Friday, October 16, 2009

Disasters

It’s been some time since I’ve posted, and for good reason. We had a real life disaster exercise last week. A hardware issue rendered our system lifeless and although we did everything we could, we were still down for appx 24 hours. No data loss (thanks to some creative knowledge on how to recover missing files) but I still went without sleep for 40 straight hours to complete the recovery process.

In the spirit of last week I figured now was as good a time as any for a review of what should have been. No one should be without a DR plan.
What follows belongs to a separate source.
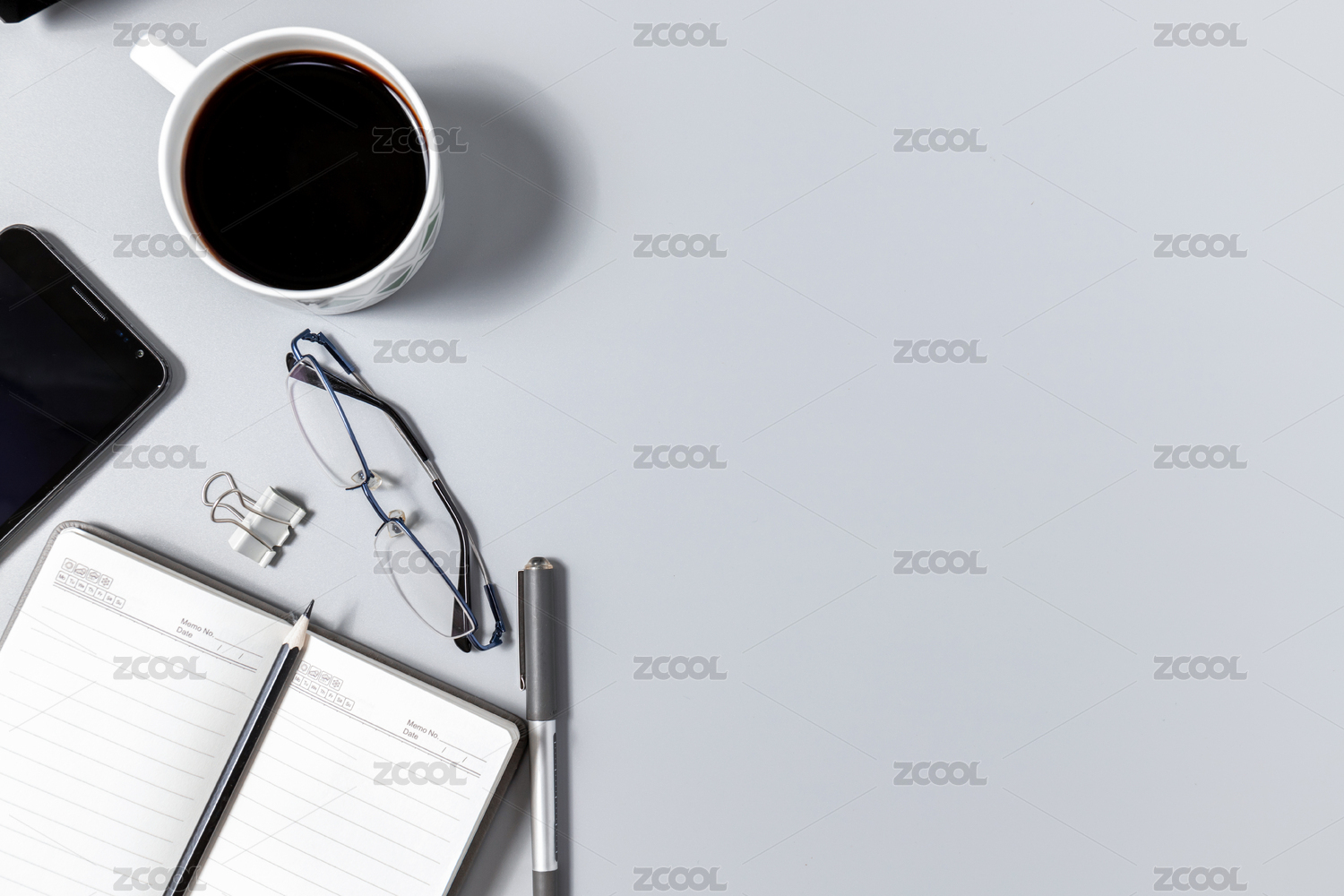 灰色桌面上摆放着手机茶杯和眼镜等静物

  • Step 1 in disaster recovery planning: organize the disaster recovery planning team. The team should consist of a primary representative and an alternate from each participating department. Organizing the disaster recovery team begins by creating a group consisting of members that represent all functions of the organization. The team must also include a high-level manager, or CEO, to endorse the plan and eliminate obstacles. Once arranged, the team will start an awareness campaign and create a schedule of their anticipated activities.
  • Step 2 in disaster recovery planning: assess the risk in the Enterprise. The goal in this step is to assess the potential economic loss that could occur as a result of the determined risks. The team will use a business impact analysis to assess risk. In the analysis, all business processes should be identified and analyzed. As with any assessment, business processes should be ranked as critical, essential, necessary, and desirable. Legal and contractual requirements should also be assessed for consequences of business disruption.
  • Step 3 in disaster recovery planning: establish roles across department organizations. The disaster recovery planning team determines the role each department and external party must play in disaster recovery. This ensures that all resources and expertise are properly utilized.
  • Step 4 in disaster recovery planning: develop policies and procedures. Procedures are the step-by-step methods, while policies are the guidelines. Both are very important in recovering from a disaster. This step requires attention to detail. Procedures must be in place for every step in disaster recovery and response. Each function must be spelled out in black and white to ensure continuity. In our case having all the procedures in my head does not count towards documentation. Yes, I can do it from memory and experience, but should I not be here, what are they going to do?
  • Step 5 in disaster recovery planning: document disaster recovery procedures. Policy and procedures must be documented and sent through the proper channels for approval before being stored for future implementation. Each policy and procedure must be drafted, reviewed, and approved by management and all departments and organizations responsible for implementation. The plan must be available at all times during the testing phase, and especially during disaster response. Again - not something you only want one person to know.
  • Step 6 in disaster recovery planning: prepare to handle disasters. An “information campaign” is the word that works here. Get the information out, make everyone aware, and ensure they all know the plan. All parties must be aware of the plan from executives to general staff. Nothing worse than closed door communication - especially with your IT staff. Make sure they are well informed.
  • Step 7 in disaster recovery planning: train, test, and rehearse. Practice makes perfect! During this step, the organization conducts a live simulation including all departments and supporting organizations–as if a real disaster is taking place. Observers are in place to monitor and evaluate the procedures being implemented. Weaknesses are determined so updates and modifications can be made.
  • Step 8 in disaster recovery planning: ongoing management. Maintenance is the key here. Continual assessment of threats, changes in structure, and impact of new technology and recovery procedures. This step requires continual monitoring of new technologies and system changes. Any changes are documented, and updated training is given.
Long story short - we survived and all is heading back to normal. It will take time to document and make things right. I just hope we can avoid another hardware failure or disaster in the meantime. I was really hoping my days of pulling all nighters as an operations specialist were over. Yes, I CAN do it, and probably will if you ask me to, but I don't enjoy it as much as I once did and I think it's time for someone else to share the role of know-it-all recovery guru.

1 comment:

Scott said...

Ugh, very scary.

Thanks, I won't be able to sleep tonight >.<